Yesterday I got my driver’s license.

You may remember the story about how I failed to get my license and then eventually gave up the idea of driving.

When my sons read that blog, I heard from them. “NO.” Son Michael e-mailed me that the personal freedom driving would give me was too important to be abandoned. “Get the license,” he wrote, “and I’ll help you.”

“Okay, Michael,” I wrote back. “I’m thinking about it.”

In October I asked Michael to take me to the Verizon store to have my cell phone serviced. While he had me trapped in his car, Michael, VP Sales and Marketing for the company that bought the company he started, went to work on me. Every objection I raised, he could overcome. I kept saying, “Yes. I hear you and I am thinking about it.”

“No, JoWynn. I want you to commit. I want you to commit to getting a learner’s permit (which I had to have because I’d failed the driving test) and I will take you to the MVA to get it. I want you to commit to practice driving and I will come here and take you driving. That’s all. If you commit to doing those two things, you get to visit with me.”

How could I say “no”? (I wonder how anyone says “no” to Michael.)

When he dropped me at our entrance, as I was outside his car, he said, “I challenge you to get your driver’s license before I solo.” (He’s taking flying lessons.)
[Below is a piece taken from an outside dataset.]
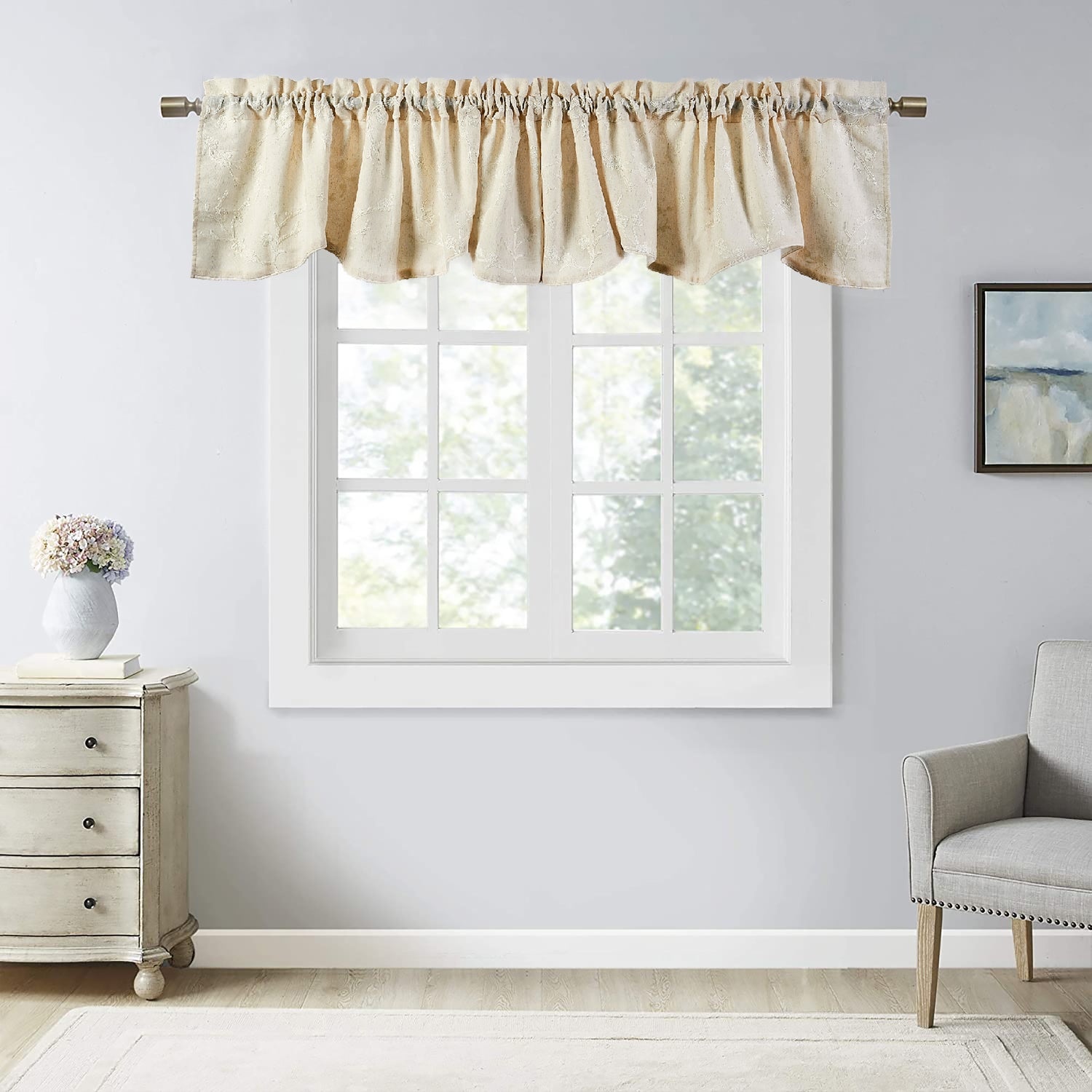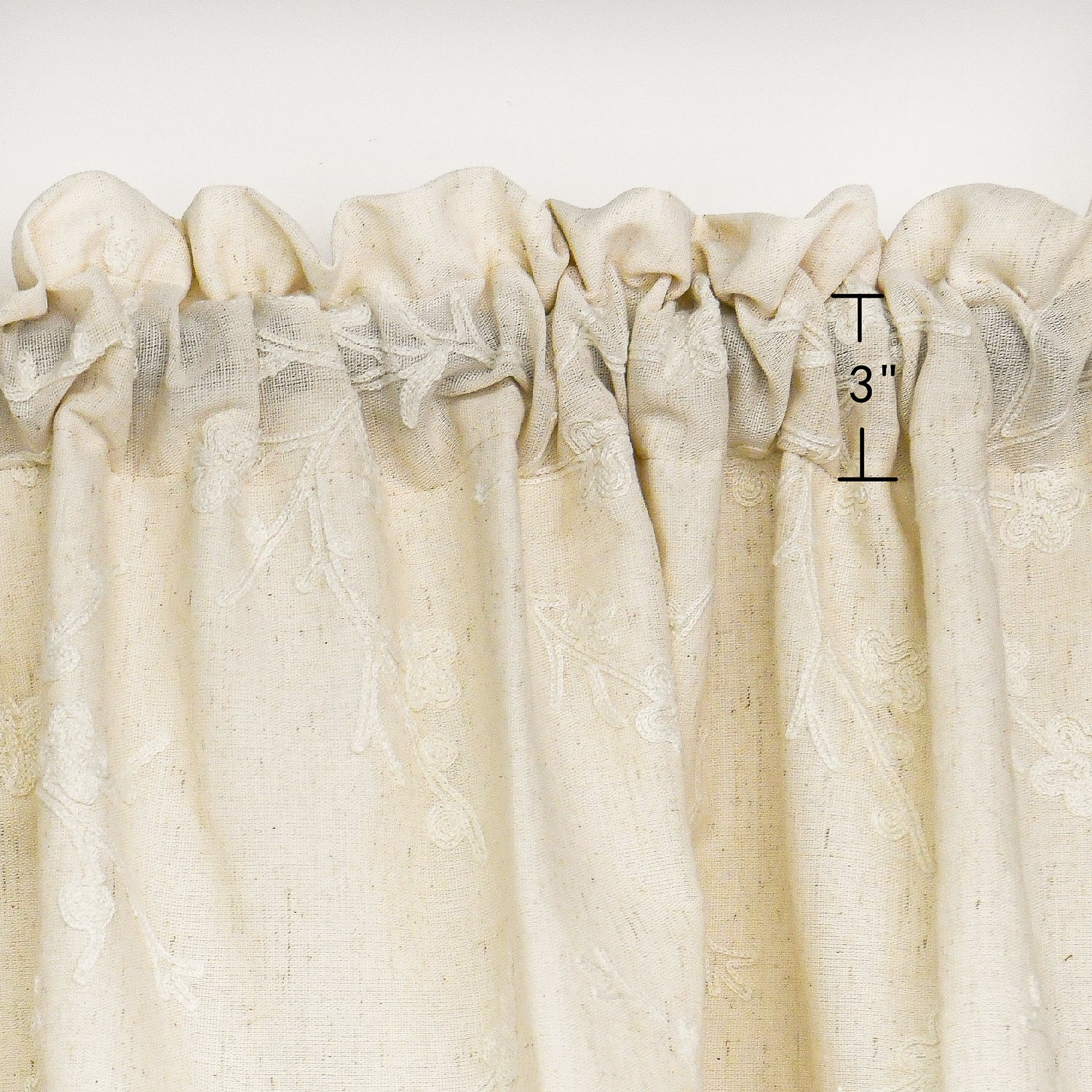 - One set Includes 2 Piece Valances. Each valance measures 60" width x 19" height. Header 1.5", rod pocket 3" so you can hung on your favorite curtain rod up to 2” diameter.
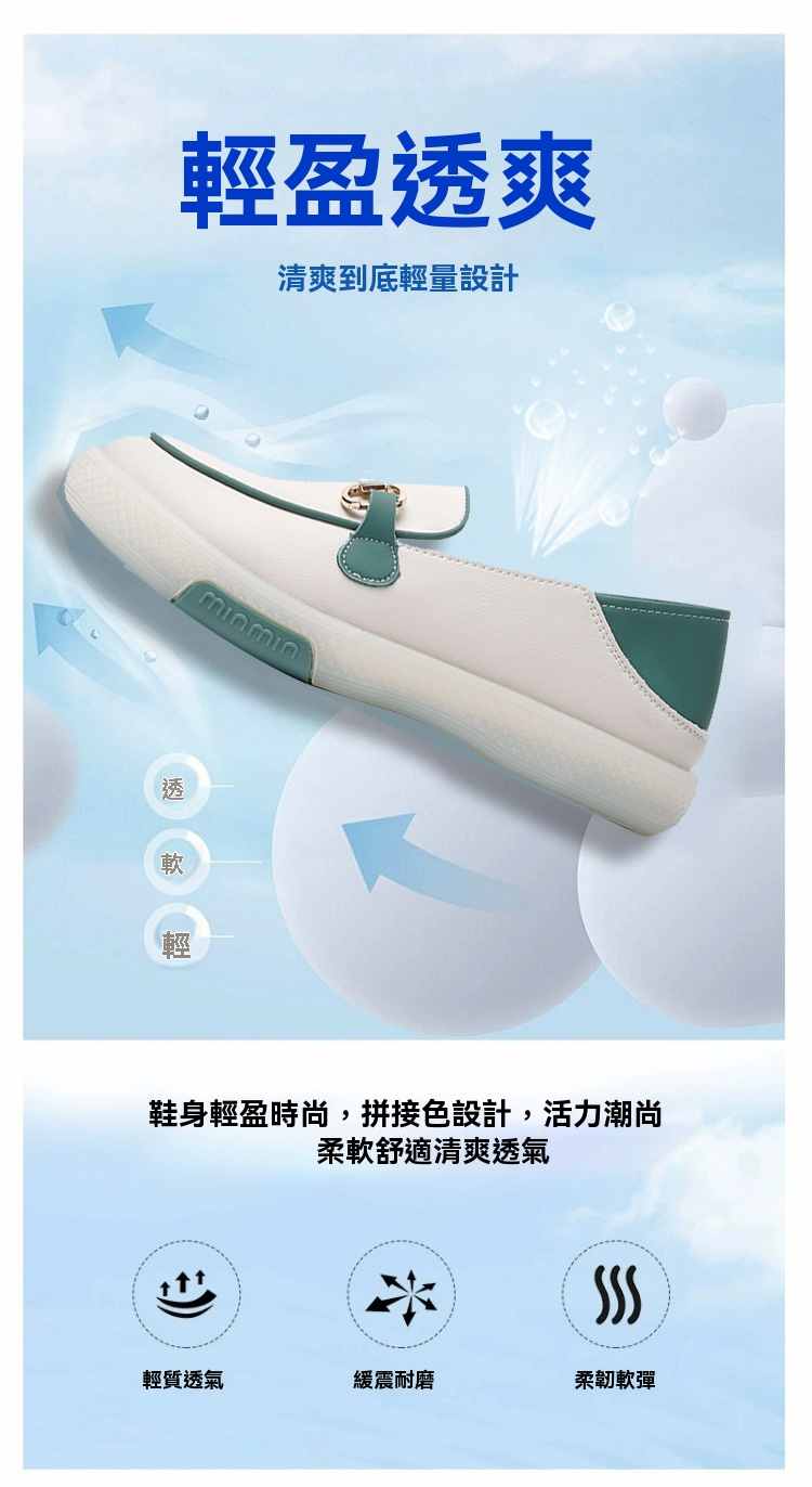 輕量設計柔韌軟彈一腳蹬女鞋【買一送一】【米咖色】+【米藍色】各一雙(到手兩雙,每雙均價549元!)

“How long will that be?” I queried, hesitant.

“Two months.”

Since then I’ve had hours and hours of driving instruction by Michael with me behind the wheel; and we’ve had hours and hours of conversation, just the two of us in the car or stopped for coffee somewhere.

We’ve made four trips to the MVA, 28 miles one-way from Charlestown. The first time we went to get my learner’s permit, I had neglected to bring my Social Security card with me. Even though I was already in their system with all the information and had passed the vision and knowledge tests, they had to see the physical card. No learner’s permit. Mortification.
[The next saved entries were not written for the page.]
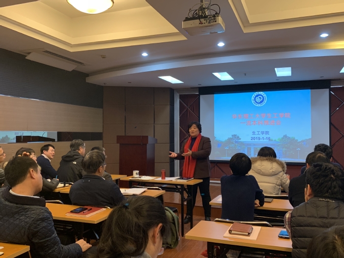 全院教职工齐心协力,为建设生物工程一流专业、建成生物工程一流学科共同努力。庄英萍强调,以教研室为单位,全面梳理各专业培养方案,将培养学生的责任落实到每一门课、每一名教师,真正做到“以学生为中心”,推动课程建设,打造“金课”,淘汰“水课”,全力推进教育的“四个回归”,聚焦“培养人”这一根本使命,大力推动华东理工大学一流本科建设。
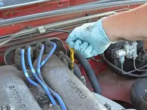 Снова откройте капот и найдите жёлтый щуп уровня масла в задней части двигателя с правой стороны.
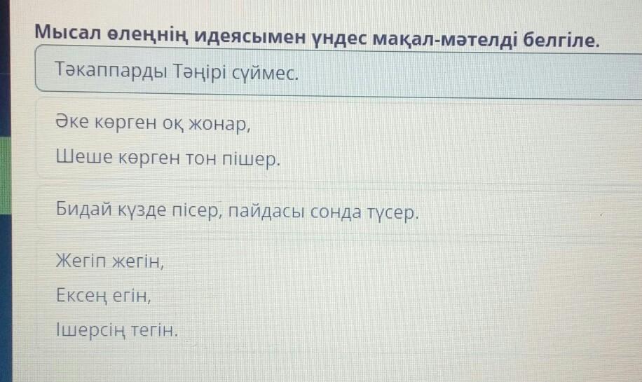 Мысал өлеңнің идеясымен үндес мақал-мәтелді белгіле.
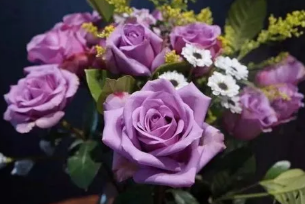 7.海洋之歌:紫色系玫瑰品种,由国外引进的种苗,与紫皇后相似,花瓣偏薄,容易产生压痕。海洋之歌玫瑰是一种非常美丽的紫色玫瑰,属于切花、杂交的茶月季。它的花朵娇小,花瓣倒卵形,重瓣至半重瓣,香气甜润,温养人心,紫色赋予它高贵的神秘感,灰冷的色调又给人距离感。海洋之歌是紫色系玫瑰中经典的一款,花朵比一般的玫瑰略小,花型端庄、颜色纯正,花色雅致,细闻有淡淡茶香。这种低饱和度的紫色,很容易与其他浅色系的花材搭配,单独插瓶颜值也很不错。海洋之歌的花语是永恒的爱情,适合送给心仪的人表达爱意和承诺。
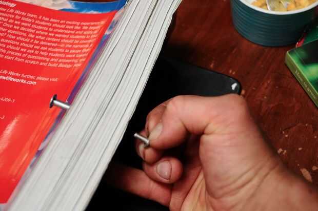 el libro se beneficiaría de tener un pice larga, delgada y rígida de metal a lo largo de los tres agujeros.
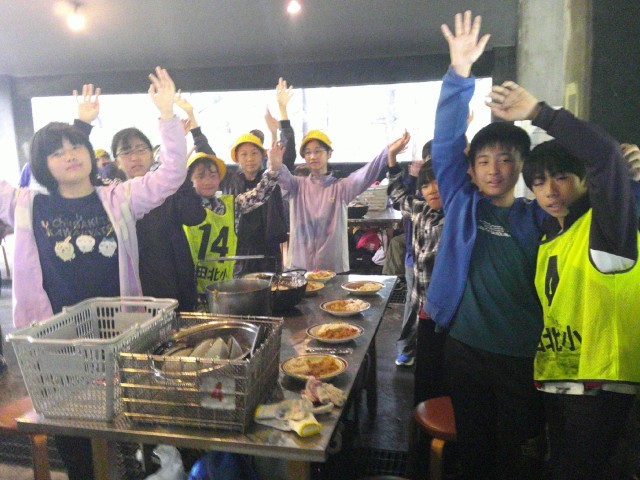 野外炊事開始時刻が遅れていたものの、調理時間を短縮した子供たちは、12時過ぎから、次々にカレーライスを完成させました。
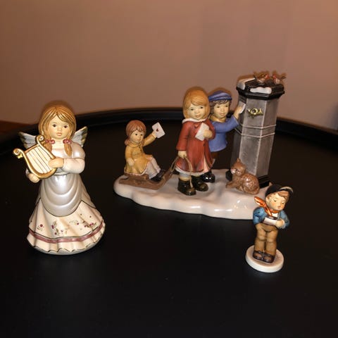 Porslinsfigurer med barnmotiv i blandade färger. Samlingen består av flera fristående figurer i olika poser, stående och liggande, placerade på runda socklar. Passar som prydnad i hylla, vitrinskåp eller liknande inredning. Materialet framstår som glaserad keramik eller porslin med målade detaljer.
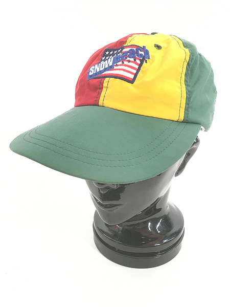 雑貨 古着 90s USA製 Polo Ralph Lauren 「SNOW beach」 クレイジー パターン 6パネル キャップ 帽子 M
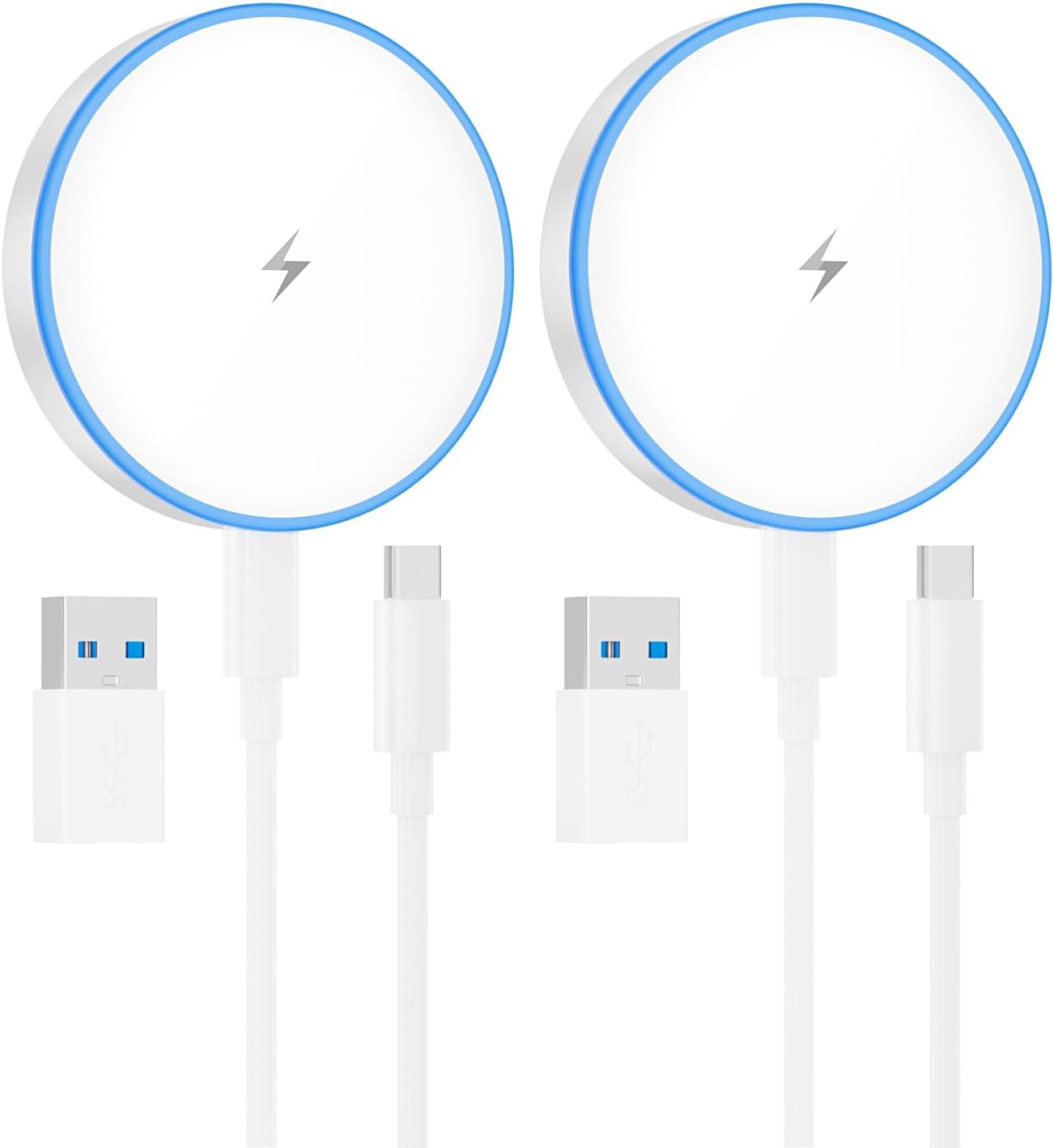 CompareIntroducing the MagSafe Charger 2 Pack – the ultimate solution for fast and efficient wireless charging for your iPhone 16/15/14/13/12 Series and AirPods 3/2/Pro. This magnetic MagSafe charging pad is designed to provide a seamless and convenient charging experience, with a sleek and compact design that fits perfectly on any surface.

The second time we went back to Westminster, it was only after a lot of backing and forthing with the desk agent and a supervisor about something in the system, that I did finally get the permit.

The third time we went to Westminster, with me driving, was to make sure the old Audi I’ve been practice driving would be acceptable as the test vehicle. It was.

The fourth time was yesterday, when I left with my license.

Michael’s a terrific driving instructor and a great coach. Last year he taught 17-year-old son Josh to drive and he taught wife Carolyn to drive her new stick-shift car. He reminded me that when he was about 18, he had taught my mother to drive—stick-shift. What an experience that was! And I taught Michael to drive and took him for his driver’s license testing. Then I watched him drive away in my stick-shift VW beetle. 1971.

Two weeks ago I made the appointment for my driving test at 2:45 on Wednesday, February 24th. That morning, yesterday,  Michael called and exulted, “I just soloed!”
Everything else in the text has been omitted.